Work item
The answer is a stretch of the material below, returned exactly: the line containing "Esta semana tendremos", the line containing "Gican 3800KN95 head-mounted", and all lines between.

Records shown
________________

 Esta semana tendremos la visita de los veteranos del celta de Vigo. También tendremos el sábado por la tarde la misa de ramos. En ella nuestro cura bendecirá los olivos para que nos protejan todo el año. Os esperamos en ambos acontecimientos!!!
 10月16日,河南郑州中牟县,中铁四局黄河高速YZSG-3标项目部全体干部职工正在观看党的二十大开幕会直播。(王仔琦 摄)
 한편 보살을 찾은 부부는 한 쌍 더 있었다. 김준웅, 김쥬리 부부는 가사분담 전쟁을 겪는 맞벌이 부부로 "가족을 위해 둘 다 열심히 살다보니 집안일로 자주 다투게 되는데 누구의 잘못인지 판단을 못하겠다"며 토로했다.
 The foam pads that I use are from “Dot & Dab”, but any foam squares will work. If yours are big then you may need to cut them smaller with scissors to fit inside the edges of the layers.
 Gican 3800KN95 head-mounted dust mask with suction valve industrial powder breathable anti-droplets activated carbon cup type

________________

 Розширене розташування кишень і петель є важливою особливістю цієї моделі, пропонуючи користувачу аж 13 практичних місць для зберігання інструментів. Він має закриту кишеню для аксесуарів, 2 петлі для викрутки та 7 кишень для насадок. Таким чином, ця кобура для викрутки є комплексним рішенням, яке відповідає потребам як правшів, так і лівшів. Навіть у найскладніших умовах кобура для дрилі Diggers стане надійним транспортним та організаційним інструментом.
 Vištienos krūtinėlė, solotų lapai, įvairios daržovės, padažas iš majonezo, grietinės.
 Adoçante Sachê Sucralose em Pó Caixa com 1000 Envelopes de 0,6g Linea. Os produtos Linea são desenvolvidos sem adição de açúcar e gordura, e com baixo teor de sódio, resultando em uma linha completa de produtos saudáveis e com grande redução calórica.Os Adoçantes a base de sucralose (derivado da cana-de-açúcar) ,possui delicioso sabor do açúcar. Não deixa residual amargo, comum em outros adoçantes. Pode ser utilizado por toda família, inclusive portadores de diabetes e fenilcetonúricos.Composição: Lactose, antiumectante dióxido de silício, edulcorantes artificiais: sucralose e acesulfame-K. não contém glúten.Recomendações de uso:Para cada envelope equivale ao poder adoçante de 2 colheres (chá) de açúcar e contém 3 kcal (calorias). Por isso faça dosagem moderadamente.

________________

Written response
 Esta semana tendremos la visita de los veteranos del celta de Vigo. También tendremos el sábado por la tarde la misa de ramos. En ella nuestro cura bendecirá los olivos para que nos protejan todo el año. Os esperamos en ambos acontecimientos!!!
 10月16日,河南郑州中牟县,中铁四局黄河高速YZSG-3标项目部全体干部职工正在观看党的二十大开幕会直播。(王仔琦 摄)
 한편 보살을 찾은 부부는 한 쌍 더 있었다. 김준웅, 김쥬리 부부는 가사분담 전쟁을 겪는 맞벌이 부부로 "가족을 위해 둘 다 열심히 살다보니 집안일로 자주 다투게 되는데 누구의 잘못인지 판단을 못하겠다"며 토로했다.
 The foam pads that I use are from “Dot & Dab”, but any foam squares will work. If yours are big then you may need to cut them smaller with scissors to fit inside the edges of the layers.
 Gican 3800KN95 head-mounted dust mask with suction valve industrial powder breathable anti-droplets activated carbon cup type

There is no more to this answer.